• _WHAT THE EXERCISE ASKS_: Could the lines from the top of the material to the line that contains "设置ssh、http、https、telnet用户名、密码登录,具体配置如下" be retyped exactly, both included and pictures omitted?

• _DATA SHOWN_:
-- -- --
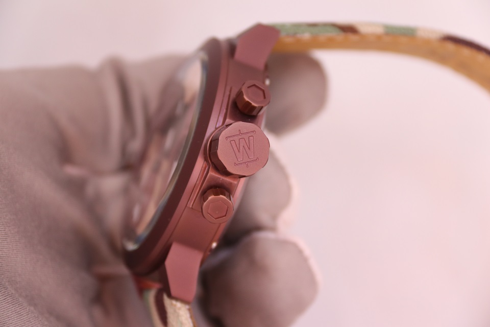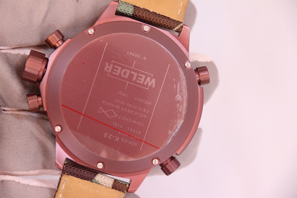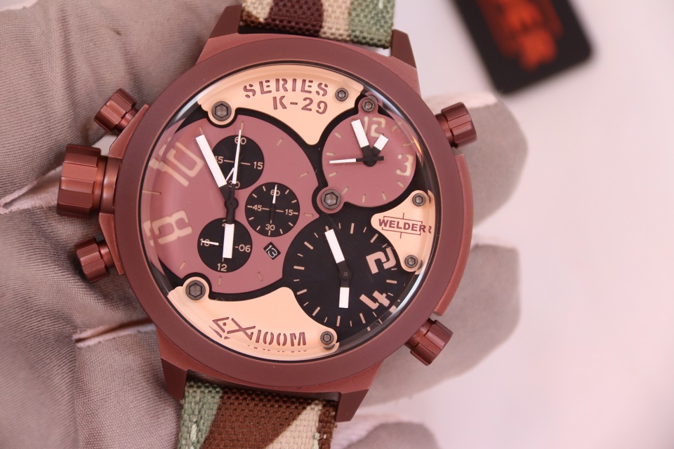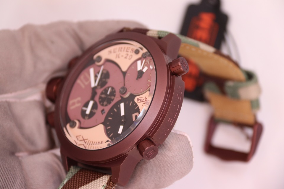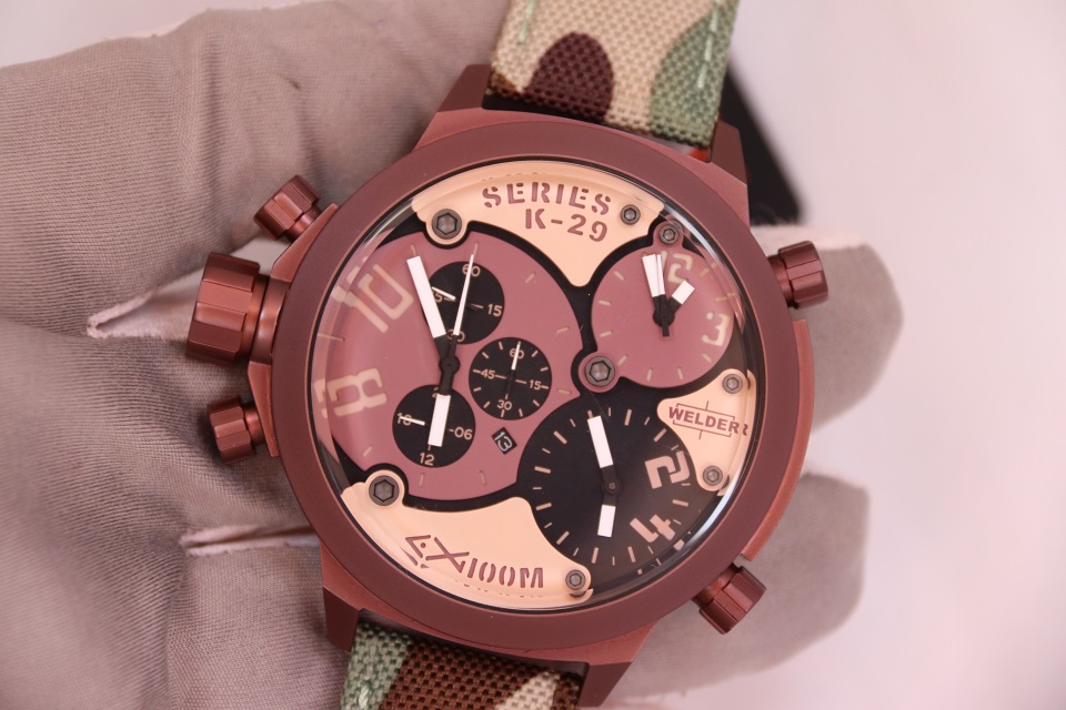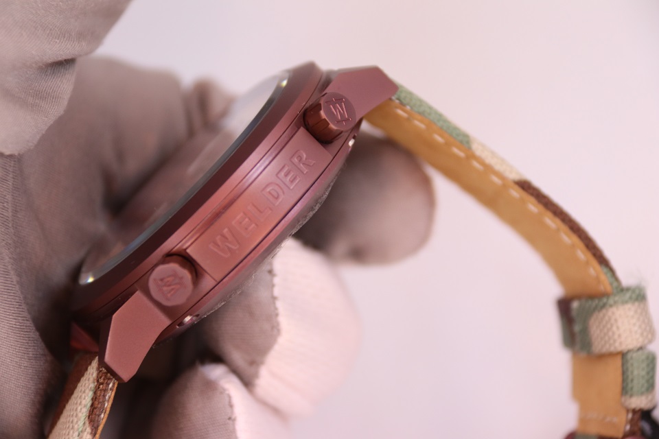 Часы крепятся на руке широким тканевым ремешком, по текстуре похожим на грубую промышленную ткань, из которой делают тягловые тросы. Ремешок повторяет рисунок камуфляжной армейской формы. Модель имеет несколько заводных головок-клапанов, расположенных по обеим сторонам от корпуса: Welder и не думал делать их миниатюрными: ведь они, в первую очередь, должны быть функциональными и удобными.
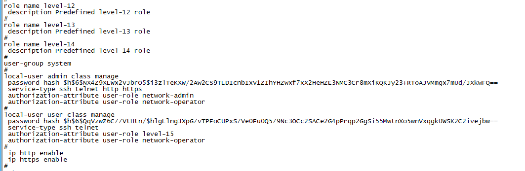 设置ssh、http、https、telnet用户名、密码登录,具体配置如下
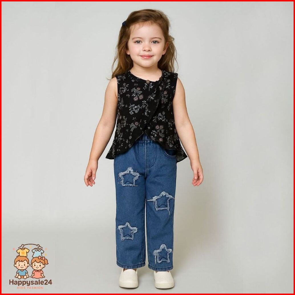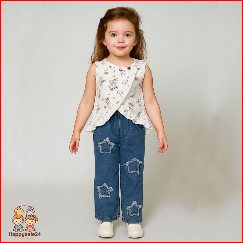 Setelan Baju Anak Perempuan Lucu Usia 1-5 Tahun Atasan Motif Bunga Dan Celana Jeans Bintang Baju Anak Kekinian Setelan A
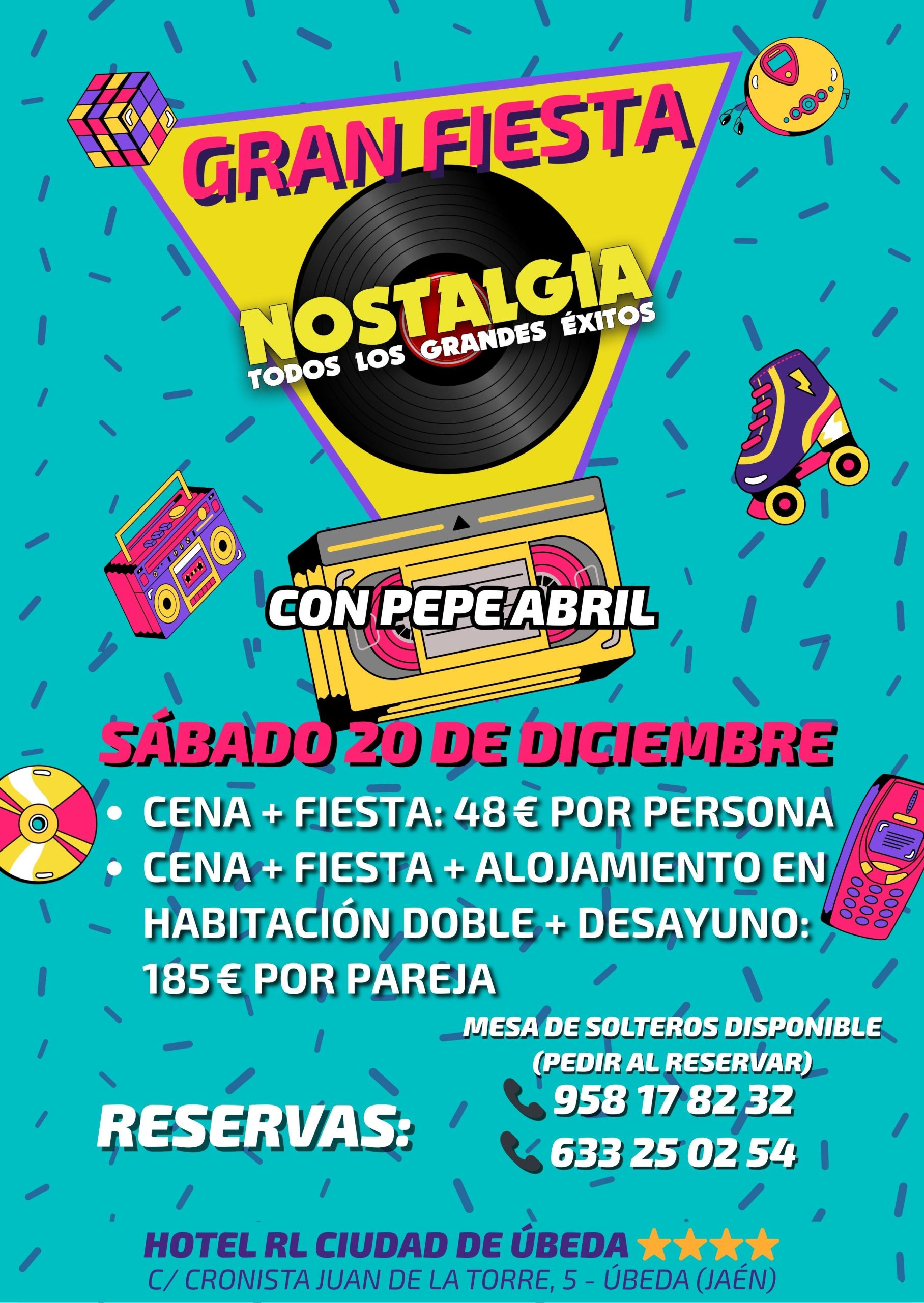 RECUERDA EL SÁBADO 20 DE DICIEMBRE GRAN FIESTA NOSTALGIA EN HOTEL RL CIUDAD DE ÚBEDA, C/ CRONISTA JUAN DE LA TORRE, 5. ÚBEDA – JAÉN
-- -- --
• _COMPLETED TASK_:
 Часы крепятся на руке широким тканевым ремешком, по текстуре похожим на грубую промышленную ткань, из которой делают тягловые тросы. Ремешок повторяет рисунок камуфляжной армейской формы. Модель имеет несколько заводных головок-клапанов, расположенных по обеим сторонам от корпуса: Welder и не думал делать их миниатюрными: ведь они, в первую очередь, должны быть функциональными и удобными.
 设置ssh、http、https、telnet用户名、密码登录,具体配置如下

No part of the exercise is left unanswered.